Problem X10

The movie below shows an animation of a plot of a standing wave given by the equation: \(y(x,t) = A\sin(kx)\cos(\omega t)\) where \(A = 3.0\), \(k = \pi/2\) and \(\omega = \pi/4\). The movie shows the wave from time \(t = 0\) to \(t = 16\).
  1. Click on the play button a few times and watch the evolving wave until you are comfortable with the idea of this as a “standing wave.”

  2. Determine the wavelength of the standing wave from the movie. Does your value agree with what you would expect from the equation for \(y(x,t)\)?
  3. Click here to go to Wolfram Alpha where you can manipulate the plots, like you did for problems X1 and X2 last week. Vary the times for the plots, and determine the period of the standing wave. Does your value agree with what you would expect from the equation for \(y(x,t)\)?
  4. Write an equation for a standing wave in the same system (with the same wave speed parameter) with twice the wavelength as that from parts (a) - (c).
  5. A standing wave doesn't have to be a pure, single normal mode.
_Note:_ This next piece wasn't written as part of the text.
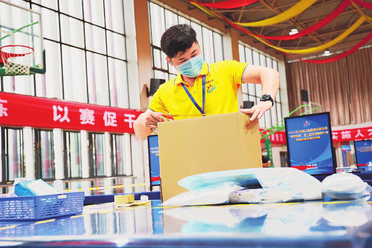 楊輝在業(yè)務(wù)技能比賽中。

There can be more than one normal mode superposed. The movie below shows a standing wave composed of the above standing wave mode and the next lowest frequency mode.

    You should notice that the ends at \(x = -4\) and \(x = +4\) are still nodes, even with two waves superposed. Also, there are moments during the movie where you can see the pure modes peeking through.

    Click here to get to Wolfram Alpha to see the command that made these plots. Play around with the time to get an appreciation for what this superposition state is doing.

    We will see superpositions like this much more in the next unit on quantum mechanics.